Cæsar was too old, it seems to me, to amuse himself with conquering the world. This amusement was well enough for Augustus or Alexander; they were young people, whom it is difficult to stop; but Cæsar ought to have been more mature.

That is as if you should reverse the tube of your telescope, with the result of seeing the object observed made smaller instead of larger.

The following sentence might be a “Maxim” of La Rochefoucauld. Pascal was, no doubt, a debtor to him as well as to Montaigne:

I lay it down as a fact, that, if all men knew what others say of them there would not be four friends in the world.

Here is one of the most current of Pascal’s sayings:

Rivers are highways that move on and bear us whither we wish to go.
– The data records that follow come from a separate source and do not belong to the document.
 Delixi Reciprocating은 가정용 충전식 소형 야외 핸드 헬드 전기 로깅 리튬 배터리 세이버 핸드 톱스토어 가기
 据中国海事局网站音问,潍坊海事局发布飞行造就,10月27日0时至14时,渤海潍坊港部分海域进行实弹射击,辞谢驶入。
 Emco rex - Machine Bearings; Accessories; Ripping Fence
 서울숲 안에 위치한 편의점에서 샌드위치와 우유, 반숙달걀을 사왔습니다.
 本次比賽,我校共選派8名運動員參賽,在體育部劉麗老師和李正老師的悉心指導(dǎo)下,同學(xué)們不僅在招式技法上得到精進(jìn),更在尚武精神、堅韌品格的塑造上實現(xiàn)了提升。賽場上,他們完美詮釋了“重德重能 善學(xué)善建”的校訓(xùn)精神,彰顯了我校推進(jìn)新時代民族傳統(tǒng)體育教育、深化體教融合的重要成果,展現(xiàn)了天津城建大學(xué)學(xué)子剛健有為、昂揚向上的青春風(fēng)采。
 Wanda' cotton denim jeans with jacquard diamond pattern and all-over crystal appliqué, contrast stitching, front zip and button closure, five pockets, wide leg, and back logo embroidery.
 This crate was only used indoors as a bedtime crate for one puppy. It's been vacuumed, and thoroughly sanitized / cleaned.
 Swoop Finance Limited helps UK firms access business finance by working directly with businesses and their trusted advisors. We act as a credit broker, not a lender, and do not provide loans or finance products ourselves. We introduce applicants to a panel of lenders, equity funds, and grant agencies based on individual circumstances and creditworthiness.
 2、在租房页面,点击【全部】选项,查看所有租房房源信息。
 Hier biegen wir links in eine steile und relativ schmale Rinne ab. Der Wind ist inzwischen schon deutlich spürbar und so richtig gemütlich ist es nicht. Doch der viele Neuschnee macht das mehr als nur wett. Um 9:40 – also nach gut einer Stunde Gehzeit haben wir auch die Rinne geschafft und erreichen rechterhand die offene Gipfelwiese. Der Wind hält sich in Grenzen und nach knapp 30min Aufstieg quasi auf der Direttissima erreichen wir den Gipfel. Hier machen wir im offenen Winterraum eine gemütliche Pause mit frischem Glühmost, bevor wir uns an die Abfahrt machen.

The following “Thought” condenses the substance of the book proposed into three short sentences:

The knowledge of God without that of our misery produces pride. The knowledge of our misery without that of God gives despair. The knowledge of Jesus Christ is intermediate, because therein we find God and our misery.

The prevalent seeming severity and intellectual coldness of Pascal’s “Thoughts” yield to a touch from the heart, and become pathetic, in such utterances as the following, supposed to be addressed by the Saviour to the penitent seeking to be saved:

Console thyself; thou wouldst not seek me if thou hadst not found me.